Choice #4 is probably my top choice. An HSG will reassure us that Caroline’s tubes are open and that there are no polyps or fibroids in the uterus. If the test is normal, then we can return to do another IUI. Caroline, however, was very against this. Her reasoning, while not scientifically sound, was certainly understandable. She stated that she knew of three people who had excruciating pain with their HSG’s and she didn’t want to go through that at this time. I reminded her that those friends of her are clinically very different from her. In my experience, I’d say 1 out of 10 women have severe suffering during their HSG’s. I make it a point of surveying my patients after their HSG’s and the majority have mild discomfort only or no discomfort at all. In Caroline’s specific case, there are no risk factors for her having bad tubes. She has no history of a sexually transmitted disease. She has had no previous surgery. She does not have painful periods at all. In addition, after her IUI’s, I would do an ultrasound trying to see an image of her uterine cavity after it was distended by the IUI specimen. This allowed me a peek at her cavity and gave some additional evidence that it was normal. Because of all this, I gave in to Caroline’s request to postpone her HSG until after one more IUI cycle.

Choice #5 then becomes the most likely option.

Choice #6 is something that we’re already doing. By losing body fat and improving her overall wellness, Caroline is helping boost her chances of pregnancy, both naturally and with treatment. With regards to taking herbs or nutritional supplements, there is no proof at all that this would be worth the money.

After going over all the pros and cons, we decided to put off the HSG and do another IUI cycle. This time, we’re going to use 300 IU, which is a very high dose for an IUI cycle. However, everything we’ve learned from the previous failed cycles adds to the evidence that this is a good plan.

Day 3. Baseline scan shows no cysts. Caroline started on Bravelle 300 IU daily from day 3 to day 7.  Before we reveal what we actually saw, I should add that an ideal finding on this date would be 3-5 follicles of size 12-14mm.

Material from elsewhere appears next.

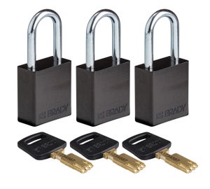 De SafeKey Aluminium-hangsloten van Brady zijn de ultieme sloten voor veeleisende veiligheidstoepassingen binnen en buiten. De hangsloten hebben een aluminium behuizing en stalen beugel, wat ze ongelooflijk licht en robuust maakt. Ze vormen een aanvulling op het assortiment SafeKey-hangsloten van Brady en hebben dezelfde kenmerken. De sloten zijn bestand tegen chemicaliën en corrosie. Het unieke slotmechanisme is geïsoleerd en voorzien van 6 stalen precisiestiften voor een groot aantal sleutelverschillen en manipulatiebestendigheid. De sleutel en behuizing hebben dezelfde kleur, waardoor ze snel geïdentificeerd kunnen worden. Ieder hangslot wordt geleverd met 1 sleutel. Gepersonaliseerde sleutels, gravering, registratie, loper en centrale loper zijn beschikbaar – bekijk onze aanpassingsmogelijkheden.

This is what we actually saw on day 8:

RIGHT OVARY: Not clearly seen
LEFT OVARY: (8×8) (7×7) (6×6) (7×6)
It’s only a little odd that we can’t see her right ovary clearly today when we’ve seen it easily in most of the previous scans. Sometimes things shift and move. The very fact that it’s hard to see suggests that there are no large follicles contained within it, and for all practical purposes, that’s all I need to know for today. This reassures me that we don’t need to drop her dosage for safety reasons. I keep her on the same dose for day 8 to day 11 and bring her back on day 12. This is what we saw.

RIGHT OVARY: (11×9)
LEFT OVARY: (13×11) (9×9)
Estradiol = 125 pg/ml

Yikes! This is extremely disappointing. Caroline is on her highest dose ever, and yet her stimulation is less than her previous cycle, when she was on a lower dose. Because the lead follicle on the left has made it to 13mm, we forge ahead, rather than cancel the cycle. I keep in mind that Caroline is still taking her injections in her arm, which is a little more brutal than the usual shots that go into the fat pad of the stomach area. She bravely continues 300 IU from day 12 to day 14 and this is what we see on day 15:

RIGHT OVARY: (12×11)
LEFT OVARY: (22×20) (17×17)
Today, there is some relief that we have not one, but two mature sized follicles. I give her 10,000 IU of hCG that afternoon and bring her back for an IUI in two days. We have a discussion about how it sometimes happens that a higher dose results in a lower stimulation. We also keep in mind that it only takes one follicle to get a pregnancy. I remind her that there have been times when patients fail to get pregnant with 5 follicles and 4 follicles in their first two cycles, only to get pregnant on a third cycle when there is only one follicle. Anything is possible.

Two days later, we inseminate with 27M total motile sperm, confirm that both follicles are gone and we begin the waiting game.